● **EXERCISE PROMPT**
Retrieve every line from the records in which the word "field" occurs.
━━━ INFORMATION GIVEN ━━━
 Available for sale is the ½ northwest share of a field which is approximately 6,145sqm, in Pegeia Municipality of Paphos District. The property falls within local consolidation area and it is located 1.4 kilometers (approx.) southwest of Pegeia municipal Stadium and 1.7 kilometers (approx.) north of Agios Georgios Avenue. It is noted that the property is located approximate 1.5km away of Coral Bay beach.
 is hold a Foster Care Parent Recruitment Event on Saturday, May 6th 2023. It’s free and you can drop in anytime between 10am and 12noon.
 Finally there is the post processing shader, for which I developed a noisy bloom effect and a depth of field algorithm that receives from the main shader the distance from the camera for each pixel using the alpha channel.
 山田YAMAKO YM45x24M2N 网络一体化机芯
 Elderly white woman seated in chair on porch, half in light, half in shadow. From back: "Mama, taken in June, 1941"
━━━
━━━ INFORMATION GIVEN ━━━
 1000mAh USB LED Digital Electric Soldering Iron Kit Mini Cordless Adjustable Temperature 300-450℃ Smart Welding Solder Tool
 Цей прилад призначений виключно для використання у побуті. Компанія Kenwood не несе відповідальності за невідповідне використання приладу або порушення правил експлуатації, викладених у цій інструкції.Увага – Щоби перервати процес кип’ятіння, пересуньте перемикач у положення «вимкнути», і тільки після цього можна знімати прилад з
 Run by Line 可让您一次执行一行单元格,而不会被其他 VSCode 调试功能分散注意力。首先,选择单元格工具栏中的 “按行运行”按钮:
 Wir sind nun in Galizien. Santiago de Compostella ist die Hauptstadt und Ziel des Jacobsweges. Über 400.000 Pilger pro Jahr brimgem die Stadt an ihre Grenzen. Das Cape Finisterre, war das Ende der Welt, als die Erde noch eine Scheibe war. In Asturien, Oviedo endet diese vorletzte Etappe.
━━━
━━━ INFORMATION GIVEN ━━━
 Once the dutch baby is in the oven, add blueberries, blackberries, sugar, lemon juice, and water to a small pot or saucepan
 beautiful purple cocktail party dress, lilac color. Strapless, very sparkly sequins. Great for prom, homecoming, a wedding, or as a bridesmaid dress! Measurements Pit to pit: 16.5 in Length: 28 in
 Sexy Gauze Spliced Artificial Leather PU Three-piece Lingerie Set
━━━
● **SOLUTION TO THIS PROBLEM**
 Available for sale is the ½ northwest share of a field which is approximately 6,145sqm, in Pegeia Municipality of Paphos District. The property falls within local consolidation area and it is located 1.4 kilometers (approx.) southwest of Pegeia municipal Stadium and 1.7 kilometers (approx.) north of Agios Georgios Avenue. It is noted that the property is located approximate 1.5km away of Coral Bay beach.
 Finally there is the post processing shader, for which I developed a noisy bloom effect and a depth of field algorithm that receives from the main shader the distance from the camera for each pixel using the alpha channel.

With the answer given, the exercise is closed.